• [EXERCISE]
Write out every record below exactly as it stands, leaving the pictures out.

• [SOURCE DATA]
◆ ◆ ◆ ◆ ◆

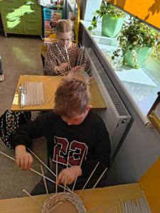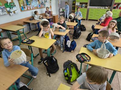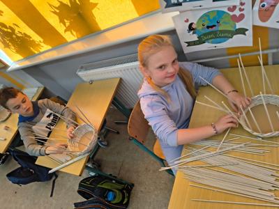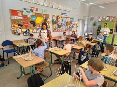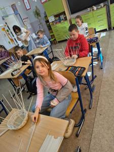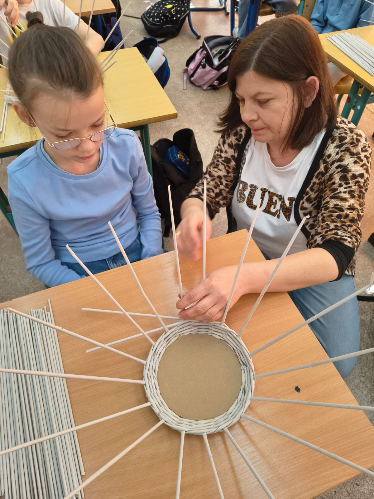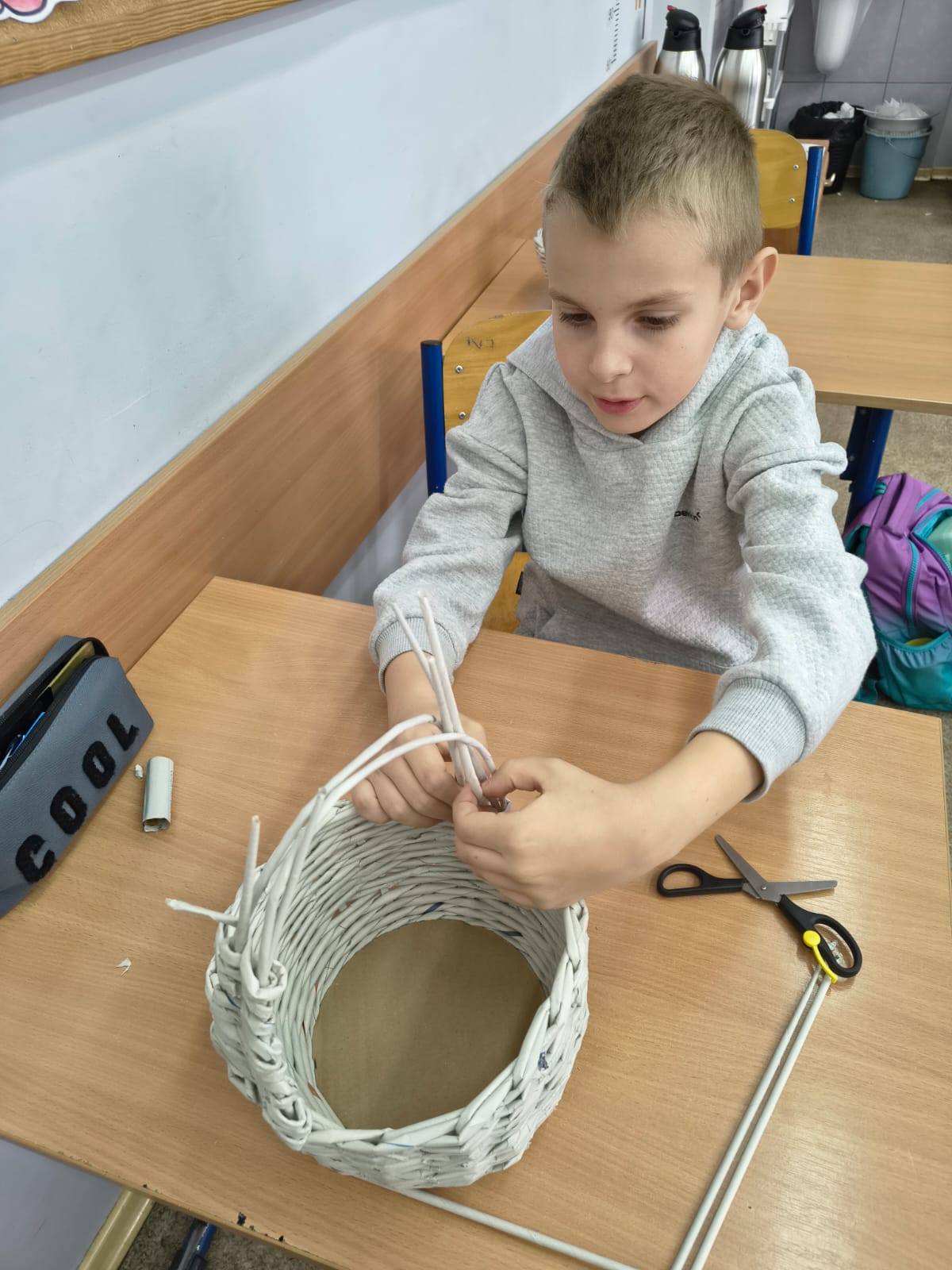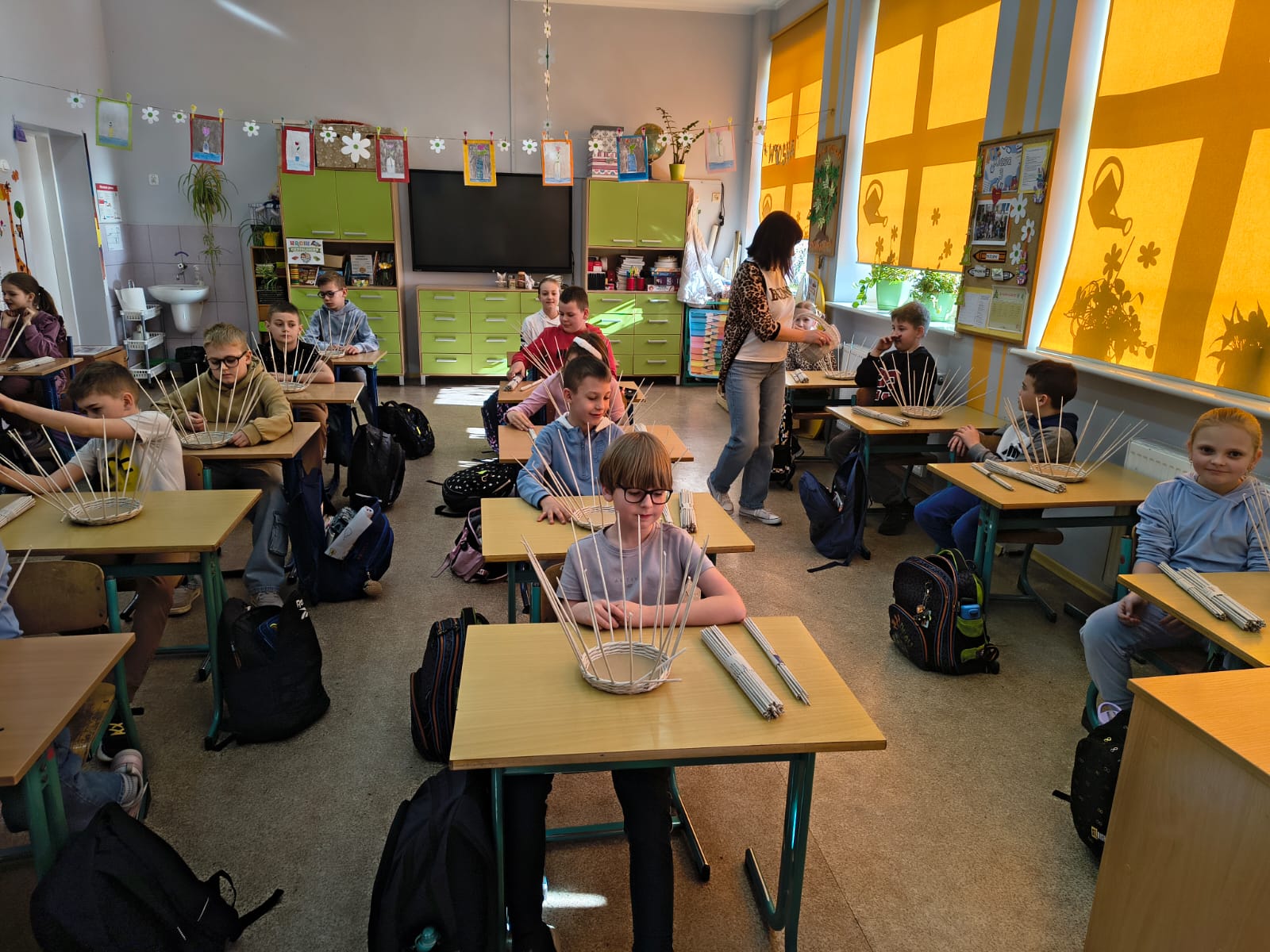 Dnia 09.04.2025 r. uczniowie klasy trzeciej podczas zajęć gościli Panią Marikę, która wprowadziła ich w magiczny świat wielkanocnych ozdób. Dzieci dowiedziały się, że z szarej gazety mogą powstać koszyczki. Warsztaty wikliniaskie wcale nie były takie proste, ale zaangażowanie i staranność trzeciolasistów, a także pomoc Pani Mariki i Pani Roksany przyniosły wspaniałe efekty. Dzieci wykonały piękne koszyki z papierowej wikliny oraz zające z tektury i krepiny.
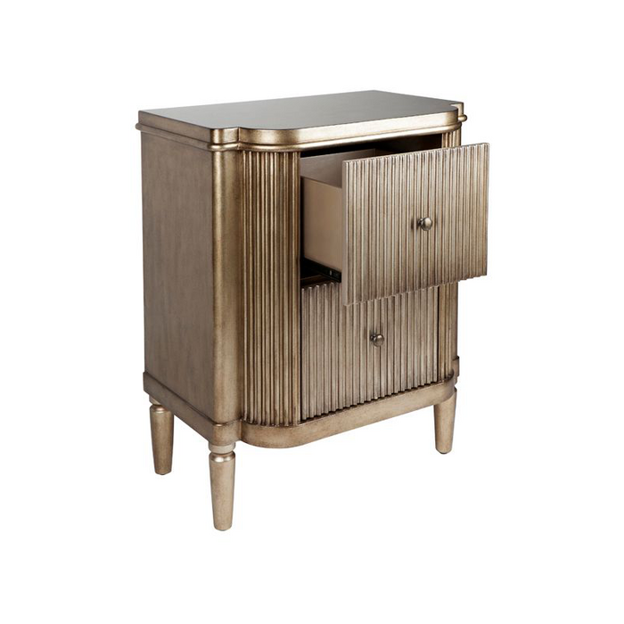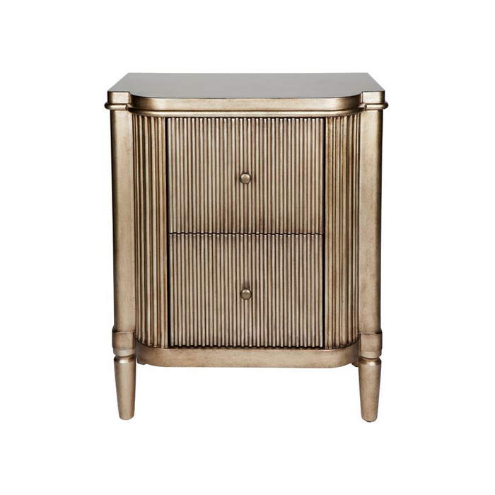 With a nod to Art Deco, the Arielle bedside table in an elegant hand painted antique gold exudes understated elegance with a contemporary twist on a classic silhouette.
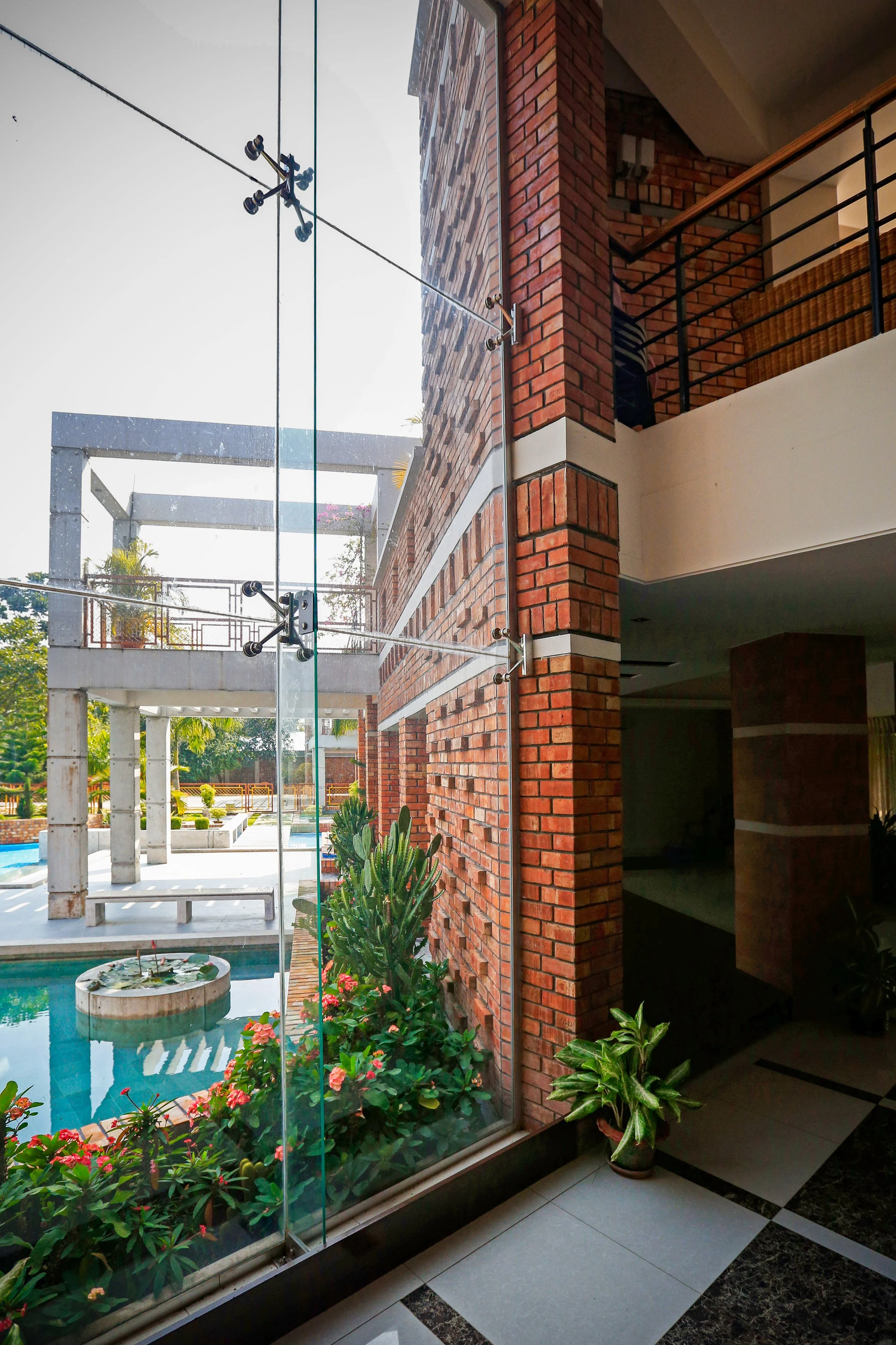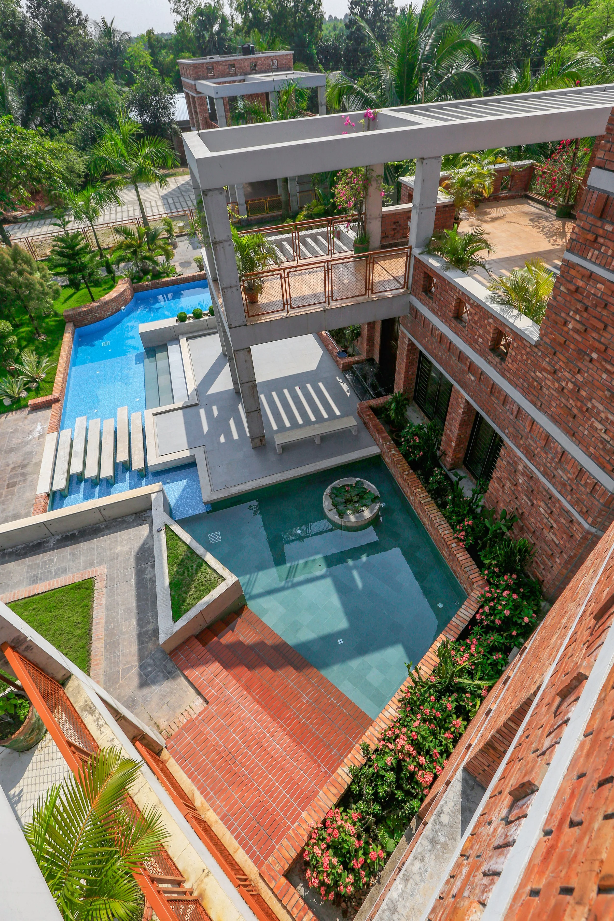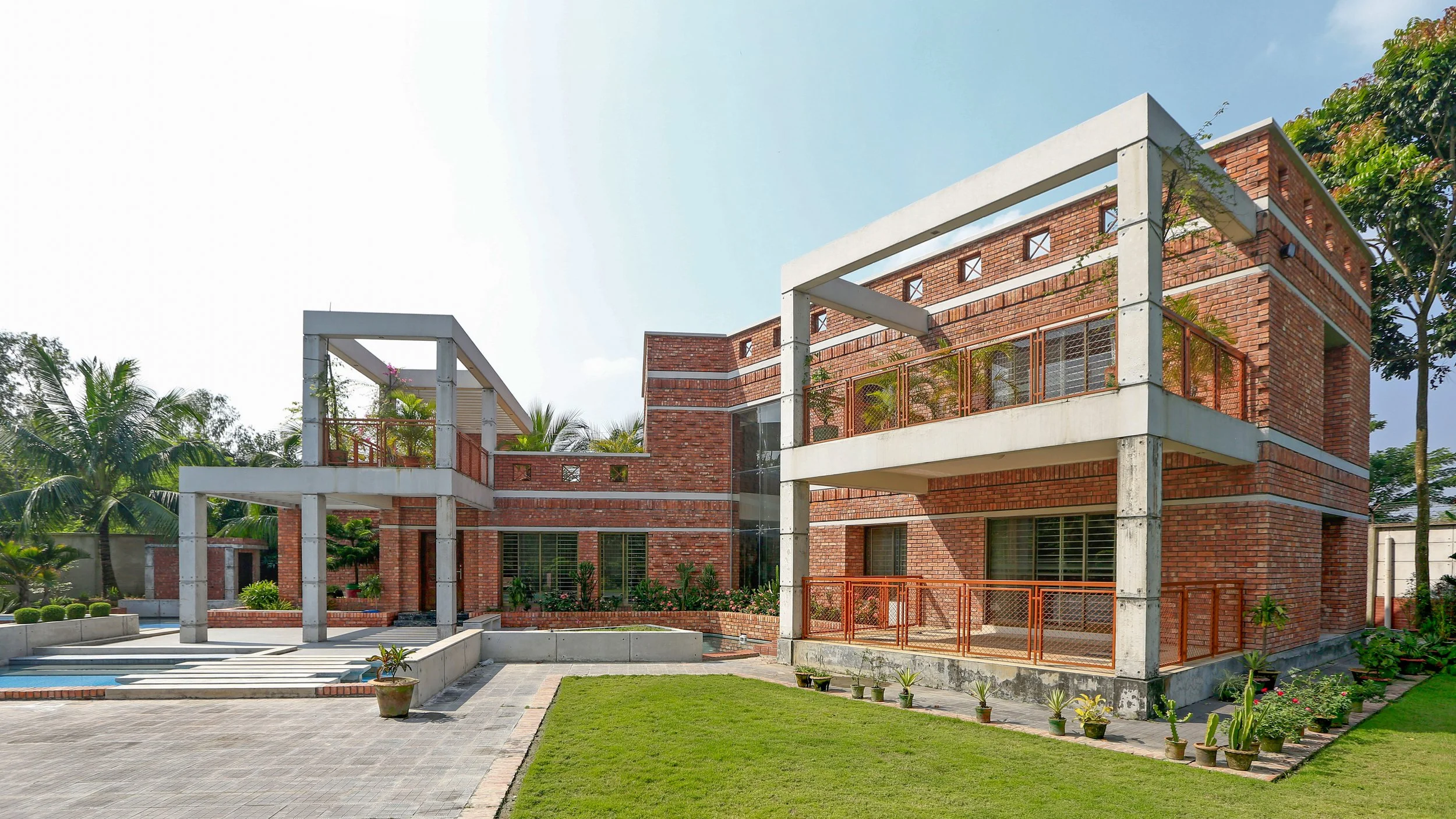 A humble brick and concrete structure is placed surrounded with a reflecting pool and landscape. The form is angled in response to the shape of the site. It’s frame extends the angular form into the landscape.
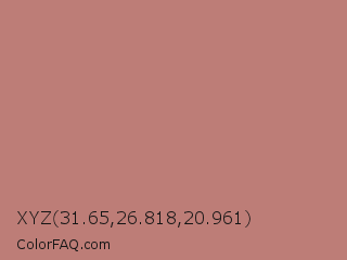 XYZ 31.65,26.818,20.961 Color is a normal red color and the nearest color is Old Rose #c08081. Hex code #bd7d77 and RGB value is rgb(189,125,119). In RGB color space, this color is composed of 74% red, 49% green, 47% blue, In CMYK color space, this color is composed of 0% cyan, 34% magenta, 37% yellow , 26% black , In HSL color space, this color has a hue angle of 5° , 35% saturation and 60% lightness.
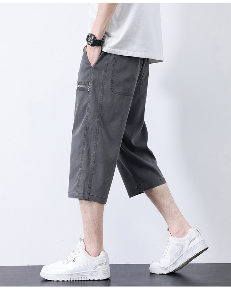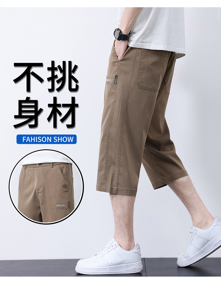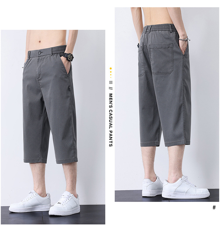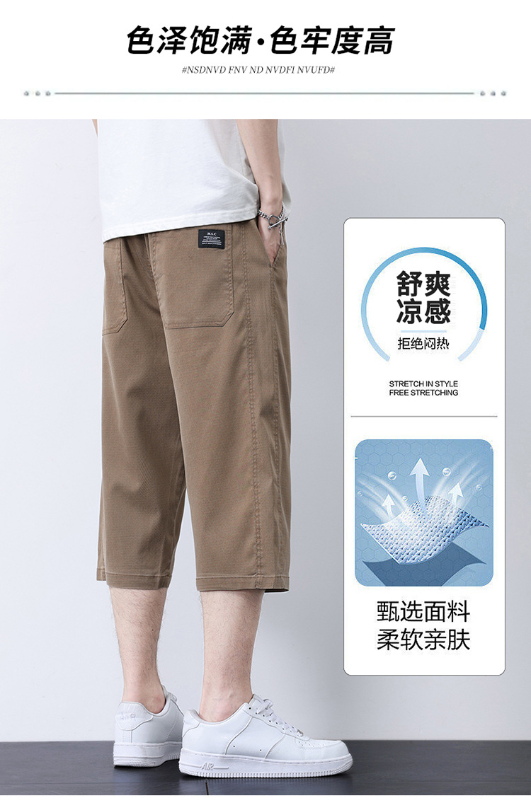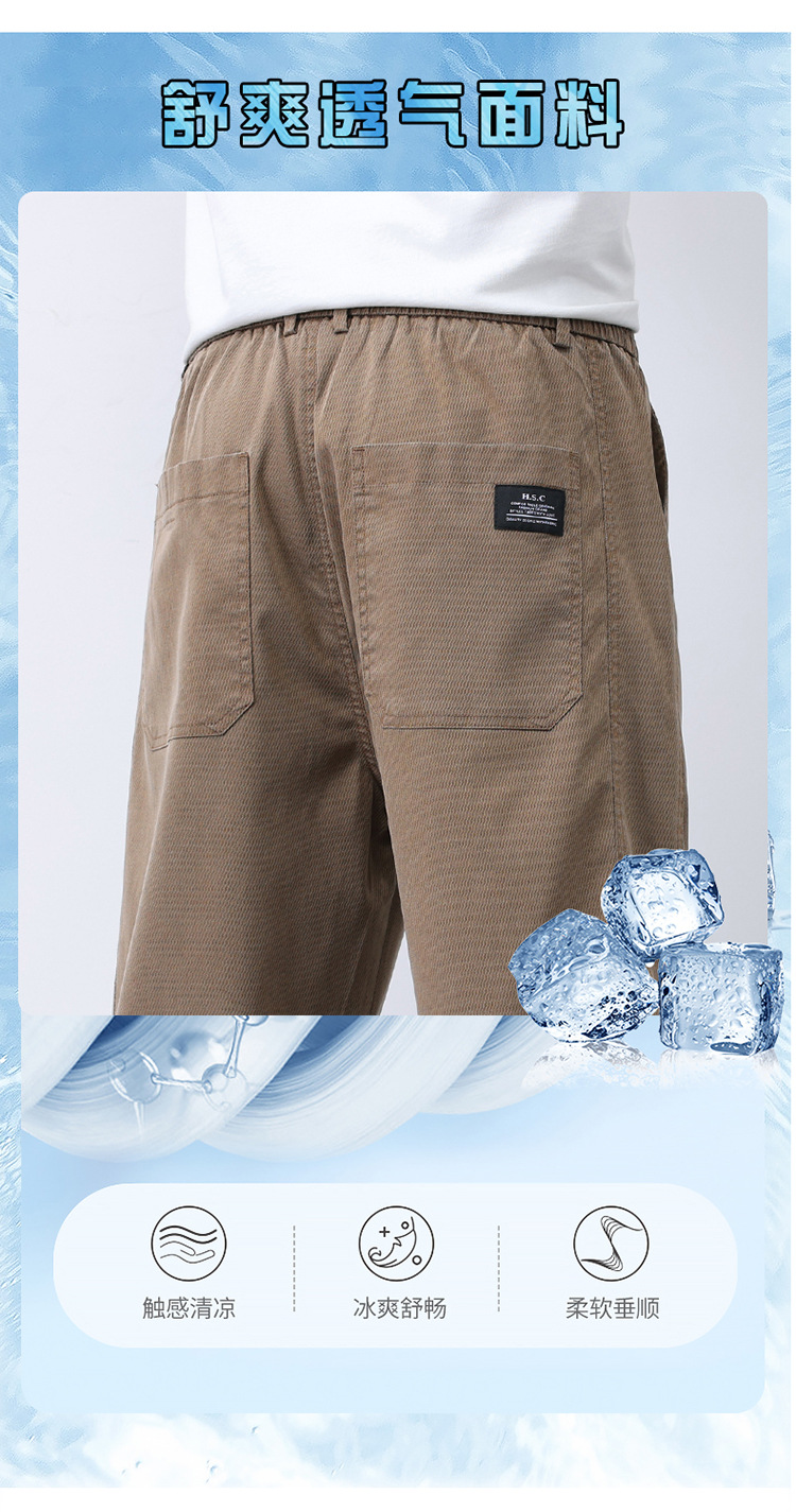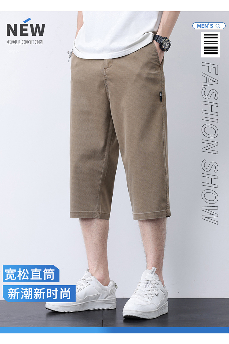莱赛尔夏季薄款七分休闲裤男士宽松直筒垂感冰丝运动速干休闲中裤

◆ ◆ ◆ ◆ ◆

• [ANSWER TO THE EXERCISE]
 Dnia 09.04.2025 r. uczniowie klasy trzeciej podczas zajęć gościli Panią Marikę, która wprowadziła ich w magiczny świat wielkanocnych ozdób. Dzieci dowiedziały się, że z szarej gazety mogą powstać koszyczki. Warsztaty wikliniaskie wcale nie były takie proste, ale zaangażowanie i staranność trzeciolasistów, a także pomoc Pani Mariki i Pani Roksany przyniosły wspaniałe efekty. Dzieci wykonały piękne koszyki z papierowej wikliny oraz zające z tektury i krepiny.
 With a nod to Art Deco, the Arielle bedside table in an elegant hand painted antique gold exudes understated elegance with a contemporary twist on a classic silhouette.
 A humble brick and concrete structure is placed surrounded with a reflecting pool and landscape. The form is angled in response to the shape of the site. It’s frame extends the angular form into the landscape.
 XYZ 31.65,26.818,20.961 Color is a normal red color and the nearest color is Old Rose #c08081. Hex code #bd7d77 and RGB value is rgb(189,125,119). In RGB color space, this color is composed of 74% red, 49% green, 47% blue, In CMYK color space, this color is composed of 0% cyan, 34% magenta, 37% yellow , 26% black , In HSL color space, this color has a hue angle of 5° , 35% saturation and 60% lightness.
莱赛尔夏季薄款七分休闲裤男士宽松直筒垂感冰丝运动速干休闲中裤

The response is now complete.